Without a press pass, he was on the frontlines taking photos of the June 7 protests, aware that he was putting himself in front of police and amidst crowds in the middle of a pandemic.

Oliver, producer of “The Perfect Guy,” and co-creator of “Black Love” talks about his widely-shared Hollywood Boulevard photo and what it was like being on the ground.

Tell me about capturing this photo and what that meant to you personally.

I had the good fortune to be on the truck leading the protest, which happened because Kendrick Sampson, co-founder of BLD PWR (one of the two groups that organized the protest), is a friend who was leading the rally from the truck and he was ok with me getting a ride.

Eventually, the truck stopped midway between Highland and Orange on Hollywood Blvd. as the sea of protesters literally ran for as far as the eye could see. Janaya “Future” Khan got on the mic and asked for signs to be lowered and fists raised in a show of solidarity unlike any I’ve ever seen in my life — 50,000-plus strong, all unified. I snapped a few pics from the bed of the truck and realizing the magnitude of what was happening, I climbed from the bed of the truck to the roof and quickly snapped a few from up there.

Protests in support of Black Lives Matter on Hollywood Boulevard in Los Angeles on June 7, 2020.Tommy Oliver

Why was it important for you as a filmmaker to go out there and document this?

I had to. For me, the idea of having the ability to do something positive in any way, shape or form, I just needed to be there. I wasn’t going there to document it. I just wanted to take my camera.

Some people were capturing it, but a lot was happening that people weren’t seeing in the way it should be captured.
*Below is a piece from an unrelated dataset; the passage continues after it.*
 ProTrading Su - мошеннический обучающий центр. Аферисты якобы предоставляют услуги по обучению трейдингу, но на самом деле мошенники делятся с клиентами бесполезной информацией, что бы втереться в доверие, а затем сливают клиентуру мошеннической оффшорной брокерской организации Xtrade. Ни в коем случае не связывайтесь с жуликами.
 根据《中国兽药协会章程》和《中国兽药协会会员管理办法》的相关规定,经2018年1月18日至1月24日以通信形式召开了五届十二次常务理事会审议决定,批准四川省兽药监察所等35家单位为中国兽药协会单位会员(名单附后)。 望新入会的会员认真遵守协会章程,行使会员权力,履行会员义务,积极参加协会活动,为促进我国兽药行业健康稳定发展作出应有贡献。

You’d see images from Getty or the AP and you’d see that they were looking for shots for the sake of shots. There was so much more to what was happening. People were fighting and potentially putting themselves in harm’s way because there was the risk of catching coronavirus. There’s a strength in that and there’s a beauty in that which needed to be seen.
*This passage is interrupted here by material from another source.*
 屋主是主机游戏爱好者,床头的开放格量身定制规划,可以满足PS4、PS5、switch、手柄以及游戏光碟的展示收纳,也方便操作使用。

What was it like being out there as a non-journalist facing the possibility of police brutality?

The people who came before me and were fighting went through so much worse. The idea of something might happen where I’d be hit by a rubber bullet or a baton and I’d be deterred by that, that was never an issue. I owe it to everybody who had fought and died before me.

It was not a choice. I had to be out there. I’m never going to intentionally put my family in harm’s way, but it was a time for me to potentially make a change.

Did you ever feel/experience a moment when you felt were in danger?

While on Ocean Avenue in Santa Monica, the National Guard told a few hundred of us we had two minutes to disperse or we’d all be arrested. We could see from our vantage point they had already started throwing gas on the other side of their barricade and we heard reports there had been shots fired somewhere in Santa Monica. Now couple that with the fact that I have a wife who was already afraid for me to be out because of both Covid-19 and the potential for violence, three boys under the age of 4 at home, and 20 employees I’m responsible to, a lot goes through your head very quickly in those situations. Despite the very real possibility for danger and additional calls to disperse, none of the protesters left — an absolutely beautiful show of support.

Protests in support of Black Lives Matter on Hollywood Boulevard in Los Angeles on June 7, 2020.Tommy Oliver

How important is it to use our platforms to inspire change?

The reason I’m in entertainment is that I believe in its transformative power. The power to inspire, the power to incite, the power to challenge.

That said, change doesn’t happen by sitting by and we have a commitment to the next generation as a duty to pay for those who fought, bled, and died to get us to where we are today. I’ve seen and experienced far too many instances of systemic racism in my life, in this business and out of it, to merely watch from the sidelines and if there’s something I can do to make it better but I don’t, then I don’t deserve whatever platform I may have.